EL PAíS › OPINIóN
› Por Sandra Russo
El antikirchnerismo es una cosa; el golpismo es otra. Se puede ser antikirchnerista en democracia, se puede hacerle un lockout patronal salvaje a un gobierno kirchnerista, se puede desparramar recelo, sospecha e injurias sobre la figura presidencial democrática y popular sin mayor riesgo. Todo eso se puede y está a la vista. La supuesta tiranía de De Angeli no usó una sola bala de goma a lo largo de este conflicto ni tuvo en ningún medio electrónico importante ni la mitad, ni la tercera, ni la cuarta parte no de la difusión, sino de la más burda propaganda que tuvieron gratis las entidades agropecuarias. Pero las cosas transcurrieron como un show desnudista, en el que a muchos de sus participantes ya se les cayeron los pantalones y ahora exponen sus partes íntimas.
En esa intimidad del reclamo original no hay, como no hubo nunca, voluntad de diálogo. ¿Se acuerdan cuando semana tras semana los periodistas de los canales de noticias repetían cada cinco minutos que el problema era que el Gobierno no se prestaba al diálogo? Sanata tras sanata hemos tenido, como espectadores, que escuchar una y otra vez los eufemismos evidentes de quienes se presentaron como víctimas de la confiscación. Ya está a la vista que lo que hubo y hay es resistencia a vivir en una democracia que supone reglas de juego. Que hay resistencia a aceptar que hay límites para la ganancia extraordinaria. Ahora de eso se trata todo. Los ruralistas no van a respetar las reglas de juego democráticas. No lo están haciendo. Y no se detendrían si para deshacerse de la resolución maldita debieran deshacerse de la democracia. Pueden decir lo que quieran. Ya han dicho demasiado. Ahora estamos en acto.
Y lo que importa es lo que hacen, no lo que dicen. Más sopa, no. Más sapos, no. Llaman a desconocer la ley que saldrá del Parlamento. Ni importa cuál sea esa ley. No será la que ellos reclaman, porque hay un Estado decidido a intervenir en la redistribución de la renta. Están dadas las condiciones, según dijo De Angeli, para que se vuelvan a escuchar las cacerolas.
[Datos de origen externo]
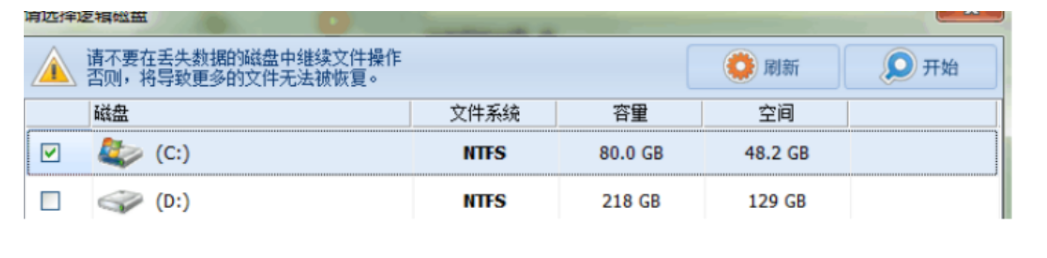 4.勾选所要恢复文件所在的盘符,点击开始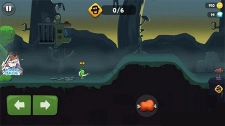 4、找到隐藏有鸡腿的泥坑,点击图标投放诱饵。稍作等待,僵尸便会现身。此时迅速点击捕捉工具,成功抓住僵尸。点击向上箭头可以让角色快速移动。

De Angeli, Buzzi, Llambías, Miguens, Biolcatti, Bullrich, Carrió, Aguad, en fin, del campo propio al despacho, ya conocemos las voces y las imágenes de quienes si hay cacerolas saldrán por la televisión de cable y aire a declarar que qué pena que no hubo diálogo. ¿Somos todos idiotas? No hay más hilo.
El antikirchnerismo es una cosa; el golpismo en la Argentina es otra. Limar las instituciones, desconocer leyes, correr todos los días las propias condiciones, volver a amenazar con cortes de rutas, volver a amenazar en consecuencia con el conflicto y el caos social que crearon ellos, a esta altura es actuar aquello que se desprendía, desde un primer momento, del “clima destituyente”. Están, repito, en acto.
Acá deberían bifurcarse los caminos entre el antikirchnerismo y el golpismo. Nadie que no haya votado a este gobierno está obligado a coincidir con sus políticas, y todos pueden criticarlas. Pero plegarse ahora, que pasamos al acto, a difundir las ideas desestabilizadoras de algunos ruralistas y algunos penosos dirigentes opositores equivaldrá a pasar un límite que, como argentinos y con nuestra historia doliéndonos en los huesos, puede no ser un error más. Puede ser el error imperdonable.